透けている暖簾のような大きなシートの間から展示空間に入る。壁ではアクリルと思しきツヤのあるパネルを多用し、立体の額のような木枠にも大きな写真を何枚も入れて空間を作っている。ステートメントを読むと作家自身とインターネットの関係に着目していることや、共同体、ナショナリズムなどがキーワードであると分かる。モチーフとしては砂に埋もれるように敷かれた世界地図やスマートフォン、ノートパソコン、そしていくつもの森の中の裸体(と対になる服を着た人間)が強烈に印象に残る。良い意味でアノニマスな空間が立ち上がっている。
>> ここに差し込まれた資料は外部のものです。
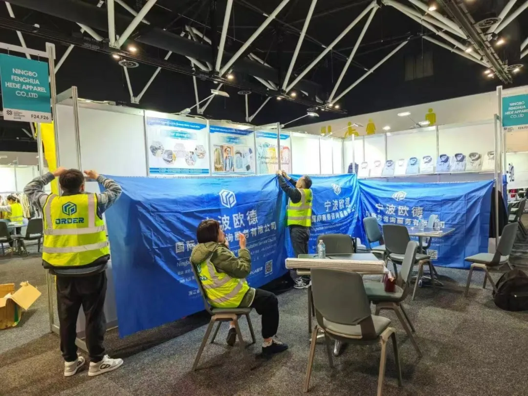 展会现场,以“东方海滨 时尚之都:甬通全球”为主题的广告牌横跨在宁波展区通道上,工作人员向到场的采购商派发宁波企业展商名录。宁波参展企业也在现场向澳大利亚及周边地区的海外采购商们推介品质化、时尚化、科技化的宁波纺织产品,组团展示了宁波时尚产业的实力与创新。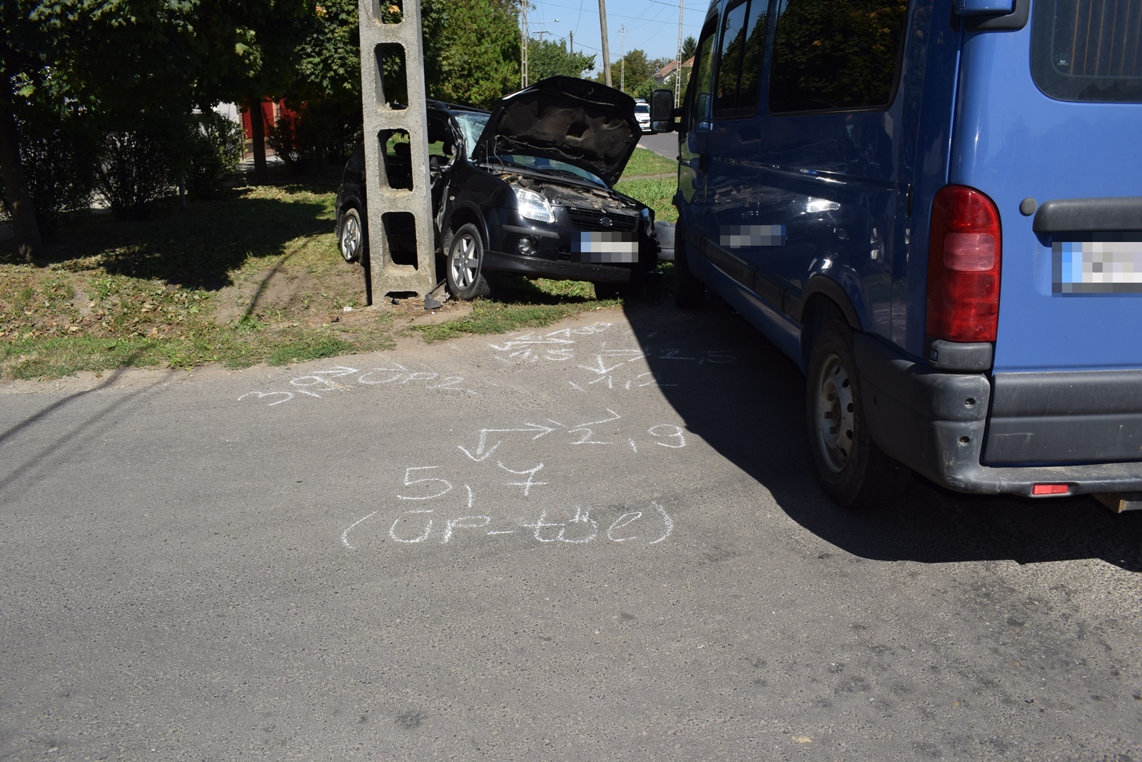 A két személygépkocsi augusztus 29-én reggel a Mezőhegyesi és a Kereszt utca találkozásánál ütközött össze. A balesetben ketten könnyebben megsérültek.

写真を用いてインスタレーション的に展示しているという意味では志賀理恵子が思い浮かぶ。志賀の作品からはしばしば土着的なもの、或いは土地の伝説や太古の暮らし、神聖な儀式など、一言で言えば畏怖すべき何かを私は想起してしまう。一方BALLGAGの今回の作品からは都市伝説的なニュアンスを感じ、例えば樹海や心霊スポットで何かに出くわしてしまった気持ちにさせられる。どこか自分自身がそこに望まずとも関与している感触を覚えるのである。それは現代的なモチーフを使っていることに加え弱弱しく森の中に現れる写真の中の生身の人間の姿が、展示空間を戸惑いさまよう鑑賞者自身の姿とも重なるからだろうか。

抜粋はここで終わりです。